かつてヴィジュアル系バンドのベーシストだったヒィロさん(42歳)。現在のお仕事は…(写真:本人提供)

売れたはずなのに涙が止まらなかった理由

「デビュー曲は、人気番組のタイアップをとっていただき、売れる予感しかありませんでした」とヒィロさんは当時を振り返る。しかし、メジャーデビュー後の道のりは想像以上に厳しかった。初のワンマンライブは客席が埋まらず、2回目のライブで集客に成功したものの、終演後にレコード会社からクビを言い渡された。

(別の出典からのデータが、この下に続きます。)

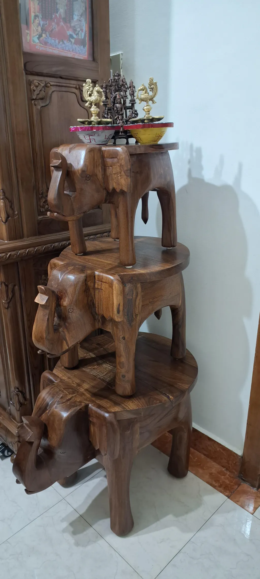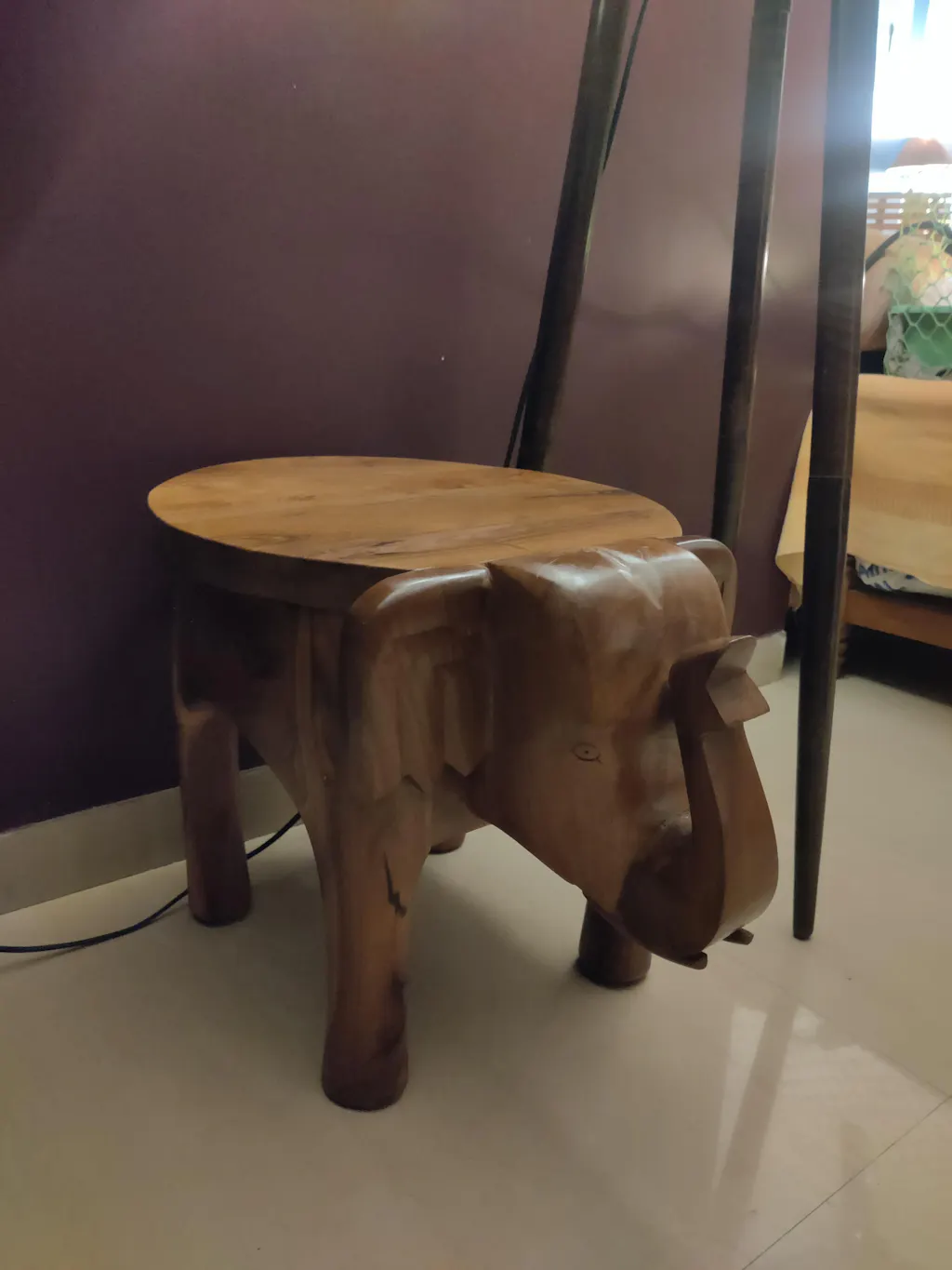 This handcrafted wooden piece offers a unique and elegant aesthetic. Its versatile design allows it to be used as a table stand or decorative item, adding a touch of sophistication to any space. With its sturdy construction, it guarantees durability and long-lasting use. This item is an ideal gift for elephant enthusiasts or anyone who appreciates artisanal craftsmanship.
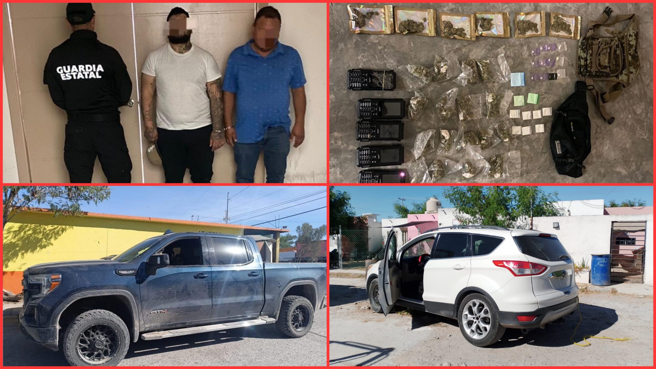 La Guardia Estatal realizó tres aseguramientos en distintos puntos de Reynosa que dejaron como resultado la detención de dos hombres, el decomiso de diversas dosis de narcóticos, la recuperación de un vehículo con reporte de robo y el aseguramiento de un arma larga, teléfonos celulares y equipo táctico. Todas las acciones fueron turnadas a la Fiscalía General de Justicia del Estado y a la Fiscalía General de la República.

 2社目のレコード会社では、CDを5タイプ作り、撮影会などのイベントも多数開催した結果、オリコン週間チャートで6位に入る成績を残したが、期待には届かなかったようだ。さらに3社目のレコード会社に移った際には、オリコン週間チャート5位という最高の結果を出したにもかかわらず、ヒィロさんは「くだらない」と感じてしまったという。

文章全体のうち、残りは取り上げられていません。